Turkey Creek Nature Preserve. Saturday, March 19, 9 am-12 pm. Sunday, March 20, 1-4 pm.


Pawpaw seedlings, photograph courtesy of Bur Oak Land Trust.

There aren’t many fruit trees native to Iowa, and as corn and soybean replaced native plants throughout the state, even fewer remained in the wild. But the pawpaw tree is making a comeback.

Pawpaw trees are small with large, tapered leaves. It’s part of the custard-apple family, and its yellow-green, potato-shaped fruit tastes like a cross of mangos and bananas, with a creamy sweet texture. They’re also the largest edible fruit indigenous to the United States.

Jason Taylor first heard of the native fruit when he was a student at the University of Iowa, from a professor who grew pawpaws in his backyard.  Taylor is the executive director of Bur Oak Land Trust, an Iowa City-based non-profit that works to protect over 900 acres of land in the state and help restore Iowa’s lost biodiversity.

“Iowa is one of the most altered states, if not the most altered state in the country,” he said.

“We weren’t really a wooded state, mostly a prairie state. The vast majority of that, you know, almost 99 percent of prairie is gone, and it was replaced by row crop. We had these amazing tracks of land that were home to thousands of species, and we’ve now converted it to a system, an economy.”

Pawpaws aren’t popular in grocery stores, since they have a short shelf life of two to three days at room temperature, or three weeks when refrigerated. As the pawpaw trees vanished behind cornfields, so too did species that depended on them, like the zebra swallowtail butterfly, whose caterpillars feed on the pawpaw leaves.

Bur Oak is holding its second annual Foster a Pawpaw project to bring back the pawpaws and butterflies.

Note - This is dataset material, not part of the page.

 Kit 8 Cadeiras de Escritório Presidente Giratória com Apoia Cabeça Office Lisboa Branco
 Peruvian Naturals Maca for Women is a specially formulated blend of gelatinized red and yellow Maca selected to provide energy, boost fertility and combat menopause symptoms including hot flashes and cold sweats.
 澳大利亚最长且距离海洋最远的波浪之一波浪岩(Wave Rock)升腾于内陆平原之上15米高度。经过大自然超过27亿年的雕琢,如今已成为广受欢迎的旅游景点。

Starting March 12, people can foster a crate of nine potted pawpaw seeds for $30, and care for until the fall. Bur Oak will overwinter the seedlings while they’re dormant, and plant them in the spring.

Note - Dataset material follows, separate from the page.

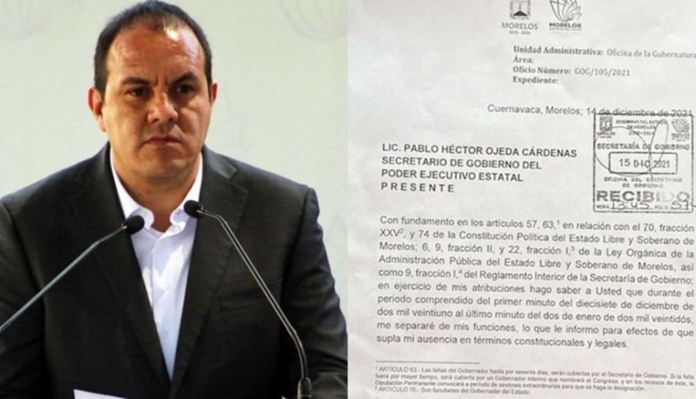 Explica que, mediante oficio del 14 de diciembre de 2021, el Gobernador Cuauhtémoc Blanco, instruyó al secretario de Gobierno, Pablo Ojeda Cárdenas, para suplirlo durante su ausencia temporal, que comprende del del 17 de diciembre del 2021 al 02 de enero del 2022.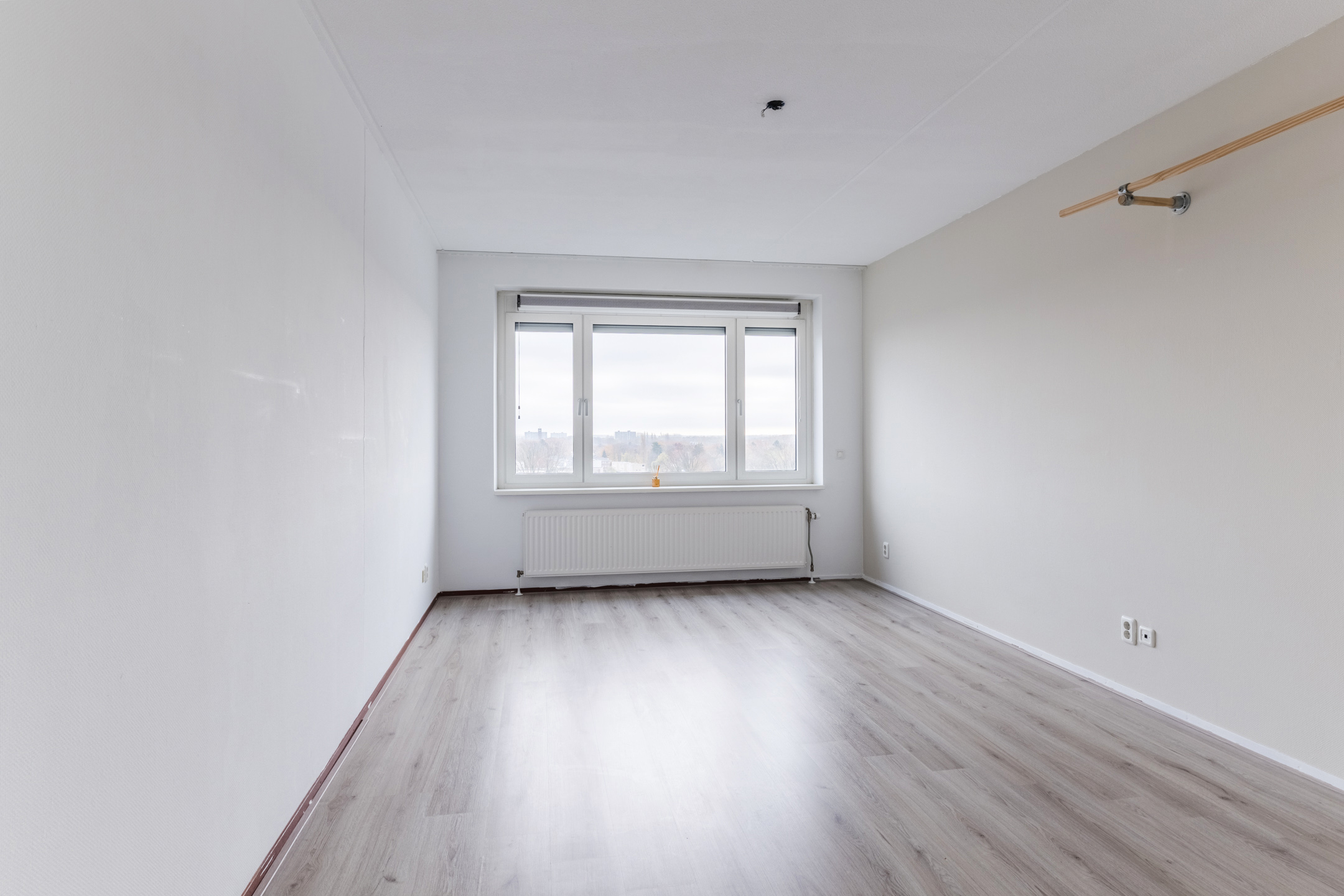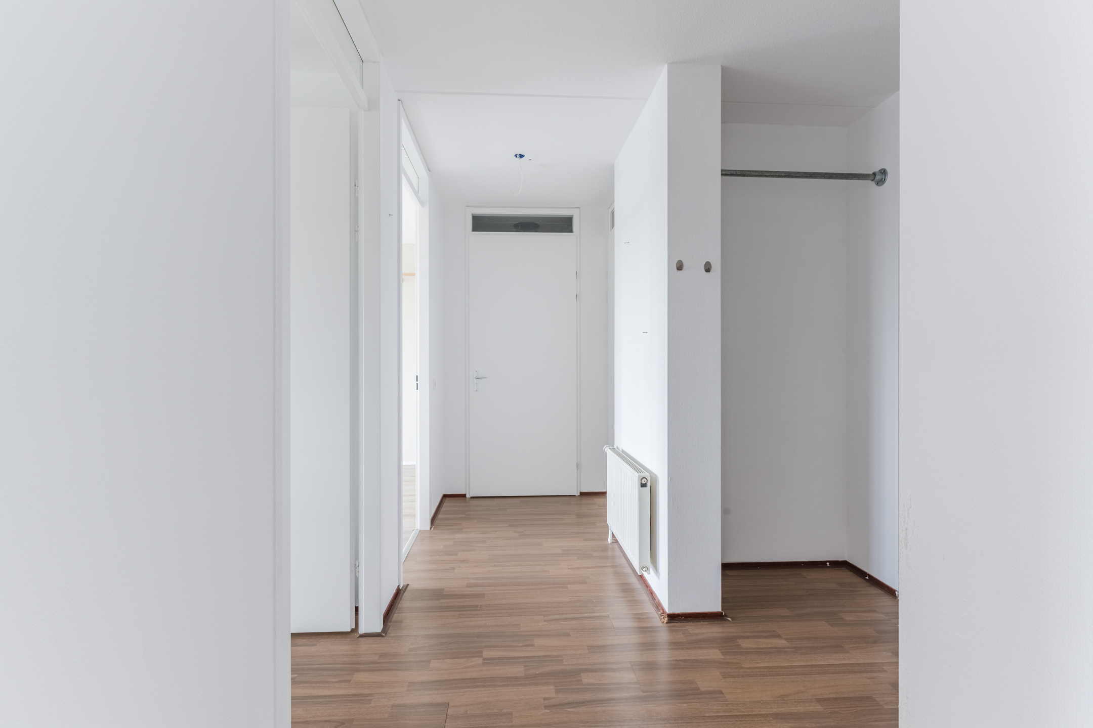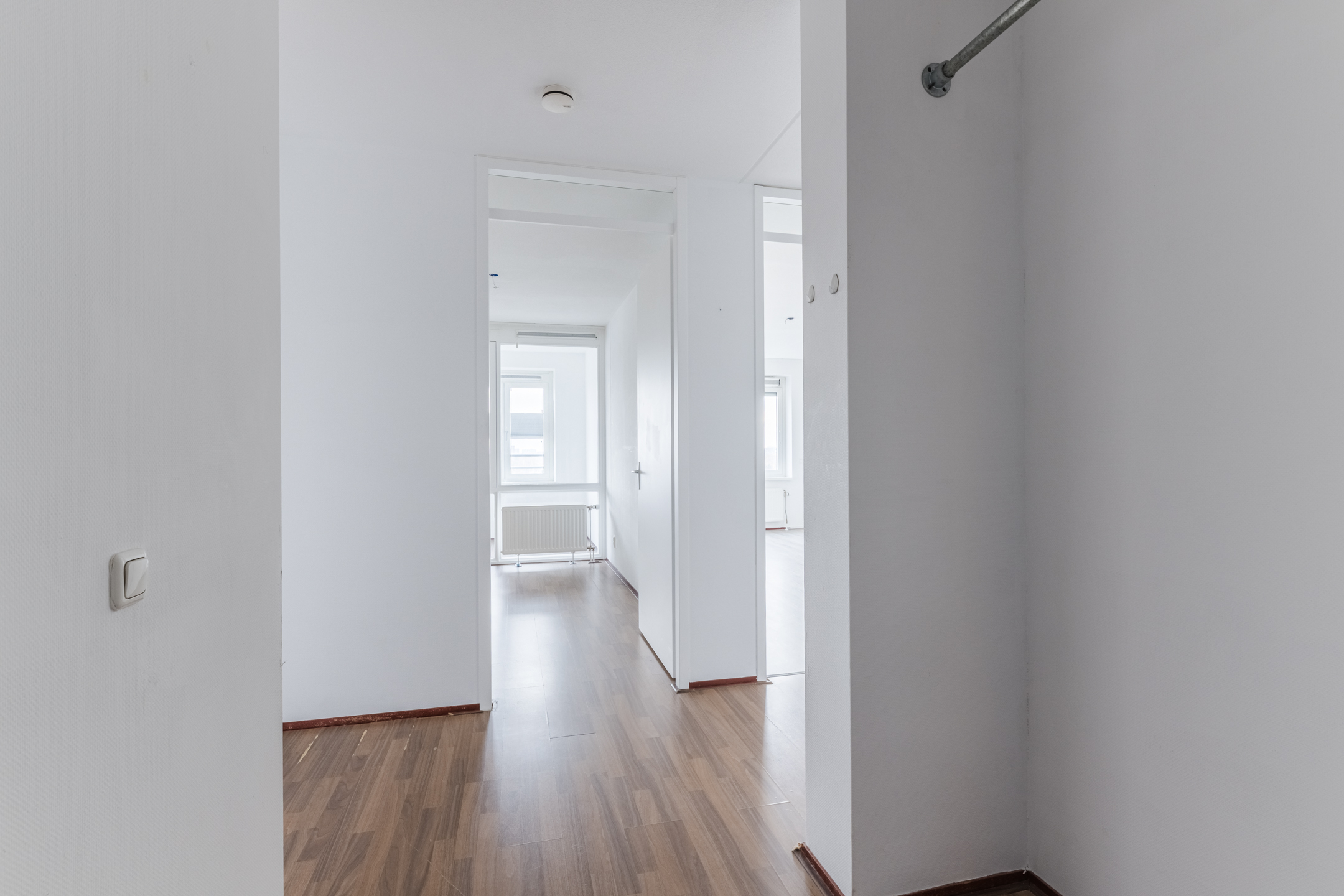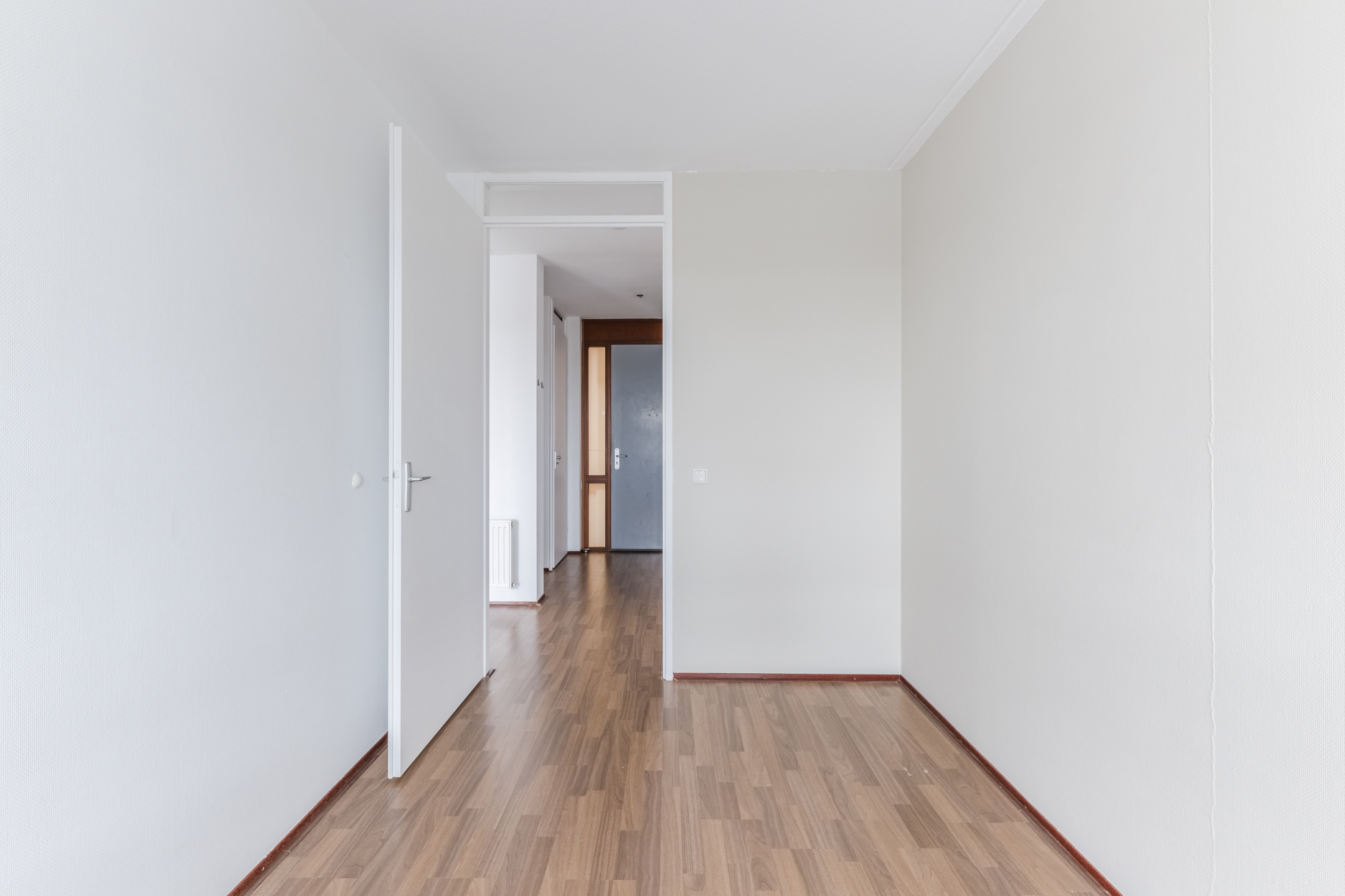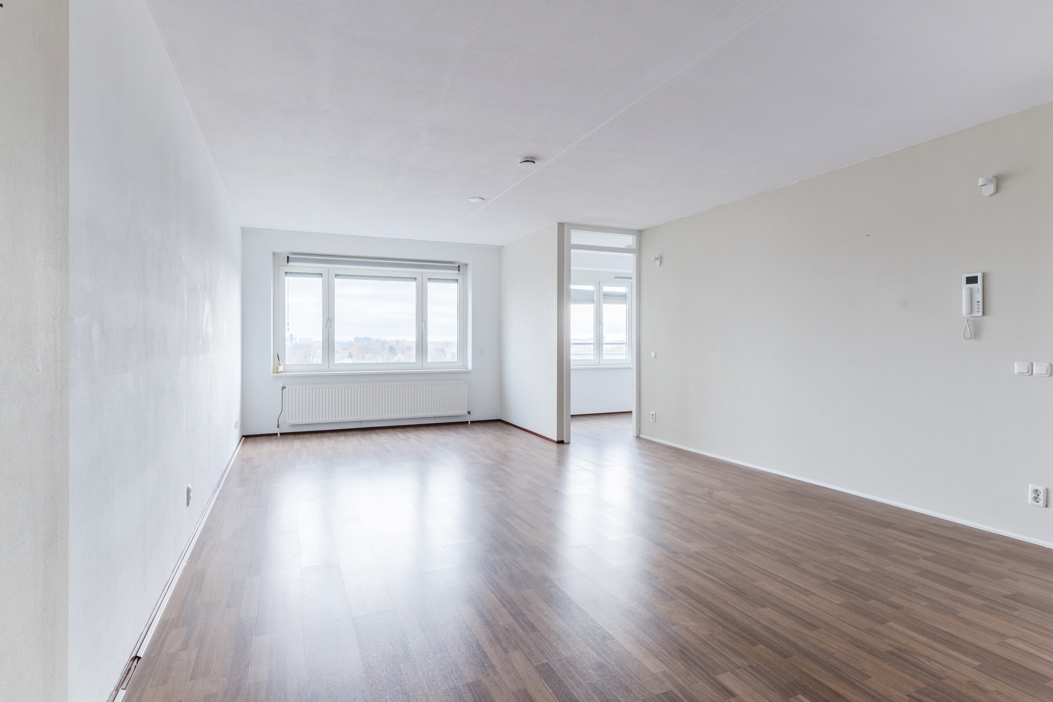 Door het gehele appartement is een laminaatvloerafwerking en behangende wandafwerking, met uitzondering van het sanitair.

Gail Zlatnik with her pawpaw seedlings. Photograph courtesy of Bur Oak Land Trust.

“We were, you know, trying to think of ways to improve the biodiversity of the properties that Bur Oak Land Trust owns and manages,” Taylor said. “The pawpaws as well as this native butterfly should be on our properties because they used to be here.”

It takes approximately a year before pawpaws are ready to spread their roots. In 2021, the program had 75 fosters who raised 800 pawpaw plants 600 of which survived. People can volunteer to help plant those 600 pawpaw seedlings at the Turkey Creek Nature Preserve on March 19 and 20.

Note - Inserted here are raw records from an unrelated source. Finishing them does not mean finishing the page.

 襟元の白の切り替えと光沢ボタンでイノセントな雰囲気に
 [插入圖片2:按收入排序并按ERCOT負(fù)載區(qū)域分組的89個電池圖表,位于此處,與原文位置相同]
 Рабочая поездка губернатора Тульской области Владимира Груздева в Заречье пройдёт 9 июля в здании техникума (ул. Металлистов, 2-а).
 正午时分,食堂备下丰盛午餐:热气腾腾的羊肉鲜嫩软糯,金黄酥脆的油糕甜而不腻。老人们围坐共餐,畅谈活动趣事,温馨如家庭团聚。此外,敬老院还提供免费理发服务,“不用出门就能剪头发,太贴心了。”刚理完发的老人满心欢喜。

The program has already attracted some zebra swallowtails, Taylor said, and last year marked the first sighting of the zebra swallowtail butterfly in Iowa City.

“I saw one in my yard because I was fostering about 100 pawpaws,” he said. “It’s working. It’s going to work. We know that this species is going to come back … It gives these butterflies a fighting chance.”

Wild pawpaw trees grow in southwest and southeast Iowa. They prefer wet areas with some shade and some sunlight.

“They don’t grow just in the middle of a field, for instance. It needs to be fairly wet, and so we want to have them by a creek,” Taylor.

Despite that, pawpaw trees grow well in urban areas, and there are several full-grown pawpaws in Iowa City. This year, people can buy eight pawpaw seeds for $10 and plant them in their backyards. To produce fruit, two pawpaw trees have to grow near each other, and they rely on beetles to pollinate them, instead of bees or butterflies.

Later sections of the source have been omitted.